Rapidly evolving genome and epigenome editing technologies

Abstract

Genome editing technologies are rapidly evolving, from the early zinc-finger nucleases, transcription activator-like effector nucleases (TALENs), and CRISPR-Cas9 (Figure 1, initial genome editing technologies), which generate double-strand breaks (DSBs), to base editing, which makes precise nucleobase conversion without inducing DSBs, and prime editing, which can carry out all types of edits without DSBs or donor DNA templates. The emergence of these revolutionary technologies offers us unprecedented opportunities for biomedical research and therapy development.

Figure 1

Evolving genome and epigenome editing technologies Initial genome editing technologies: all first-generation genome editors, including zinc-finger nucleases (ZFNs), transcription activator-like effector nucleases (TALENs), and CRISPR-Cas9, generate double-strand DNA breaks (DSBs). Prime editing: prime editing (PE) efficiency can be improved by modulating nucleotide metabolism and machine learning to predict the prime editing guide RNA (pegRNA).

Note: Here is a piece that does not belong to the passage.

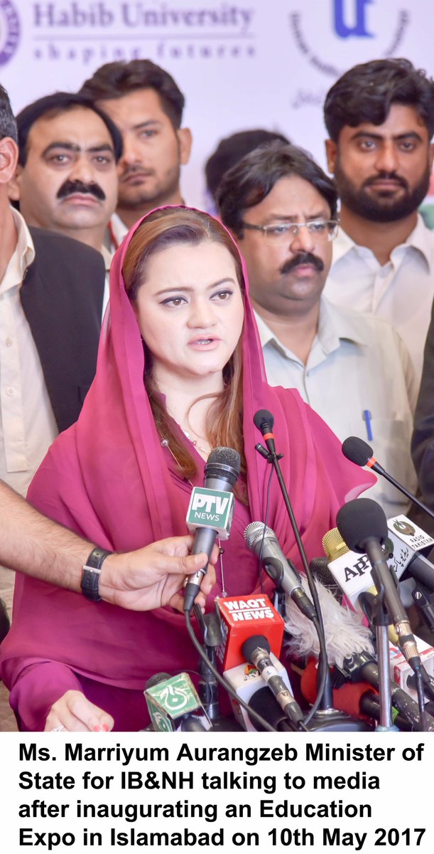 MOS IB&NH #MarriyumAurangzeb talking to media after inaugurating an Education Expo in Islamabad on 10th May 2017.pic.twitter.com/mqpdrgka9t
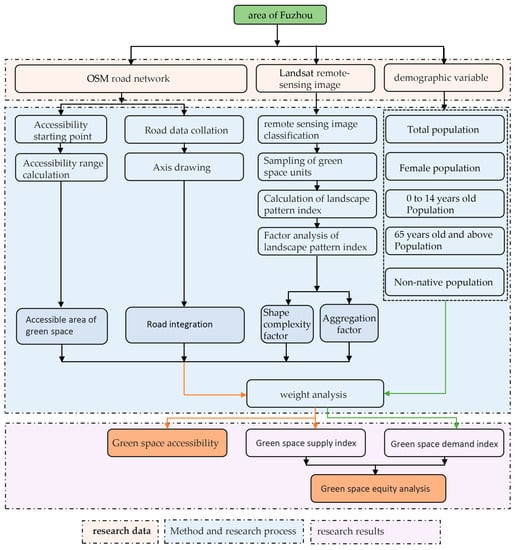 This study focuses on Fuzhou City as the research subject, using data from remote sensing images, OpenStreetMap (OSM), and demographic variables. GIS and space syntax methods were used to investigate the distribution of green space accessibility and equity in Fuzhou City. The study has roughly four parts (Figure 2).

VPX, an accessory lentiviral protein, mediates the degradation of SAMHD1. SAMHD1 is a triphosphohydrolase responsible for dNTP depletion, which is a limiting factor of reverse transcriptase (RT)-dependent PE. RNA-guided recombinase system: bridge RNA containing a target-binding loop and donor-binding loop directs recombinase (IS621) to both target and donor sequences via the core sequence (Core seq), thus mediating recombination. LTG, left targeting guide; RTG, right targeting guide; LDG, left donor guide; RDG, right donor guide; RE, right element; LE, left element. ZFcharm epigenome editing: a compact Epi-editor, ZFcharm (including ZFN, AsD3L, and an H3 tail), fits into a single AAV and is designed to bind to the Prnp promoter, recruit endogenous DNMT3A, and methylate the CpG islands, thus leading to long-term suppression of Prnp in vivo. This figure was created with BioRender.com. The part “Initial genome editing technologies” was adapted from a BioRender.com template titled Mechanism of Genome Editing Tools, which was created by Wendy Jiang.